Lucas erschrak, aber nicht nur, weil sie ihn in diesem Ton anherrschte. Es war ihm peinlich, weil ihre Worte aufgezeichnet wurden, auch wenn sie erst Stunden später gehört werden würden. »Die Begrenzungen sind kompressibel. Als ich die Membran ein zweites Mal passierte, kam sie mir dünner vor.«
Tea prüfte den Rand, wo die Membran an den Felswän den befestigt war. »Kann man uns hören?«, fragte Lucas.

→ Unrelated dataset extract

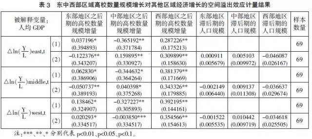 3. 流动性高等教育不公平导致区域间高校数量空间溢出效应的单向性。利用公式(3)对区域间高校数量增长的空间溢出效应进行研究发现,我国高校数量对经济增长呈西->中->东的方向性空间溢出。(见表3)具体来说,中部和西部地区的高校数量增长对东部区域经济增长起到正向的空间溢出效应,而东部高校数量增长对中部地区的经济增长、中部地区的高校数量增长对西部地区的经济增长产生负向的空间溢出效应。这是当前就业制度情况下,人力资本流动的单向性导致的。刘祖良认为,我国高校的非均衡发展分为对称性高校区域发展不均衡、非对称性高校区域发展不均衡和流动性高校区域发展不均衡。流动性高校区域发展不均衡是指由于区域间经济发展水平的不均衡和毛入学率的差异导致的人力资本由毛入学率低的区域流向毛入学率高的区域,由经济欠发达地区流向经济发达地区的现象。我国区域经济发展严重不均衡,人均GDP东中西部呈阶梯分布。东部地区制造业的集聚和第三产业的快速发展为劳动力提供了充足的优质就业岗位;同时,良好的职业发展前景、高额的职业报酬和优质的生活质量更是对中西部地区的优秀人才具有莫大的吸引力,致使“孔雀东南飞”现象屡见不鲜。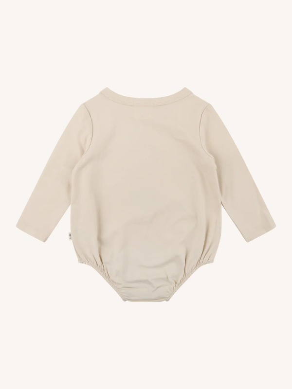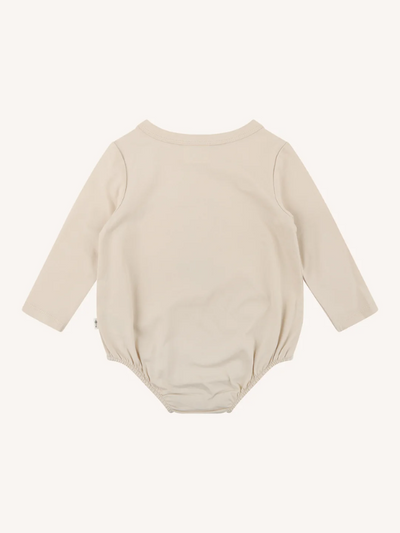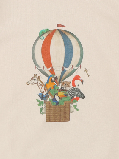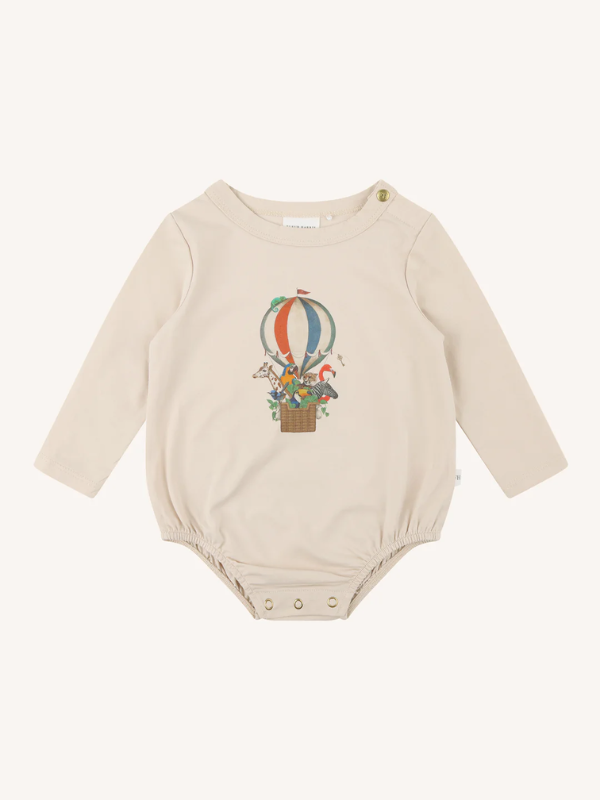 Indulge in the luxurious Fleur Harris Drifter Bodysuit from the exclusive 'Beautiful World' collection. Crafted with the finest cotton elastane jersey fabric, this piece showcases a charming balloon illustration. Perfect for exploring their world or dreaming in a whimsical atmosphere, this long sleeve bodysuit offers comfort and style for both sleep and play.

»Nur in den beiden Zentralen von Mission Control«, erwiderte Taj. »Beide Seiten haben einem Blackout zugestimmt.«
»Es gibt für alles ein erstes Mal …«
Tea unterbrach sich, als die Membran sich plötzlich ausbeulte.
Jemand tauchte daraus hervor! Taj riss Tea vom Rand weg. »Alle Abstand halten!«
Es war Natalia, die aus der Membran stolperte.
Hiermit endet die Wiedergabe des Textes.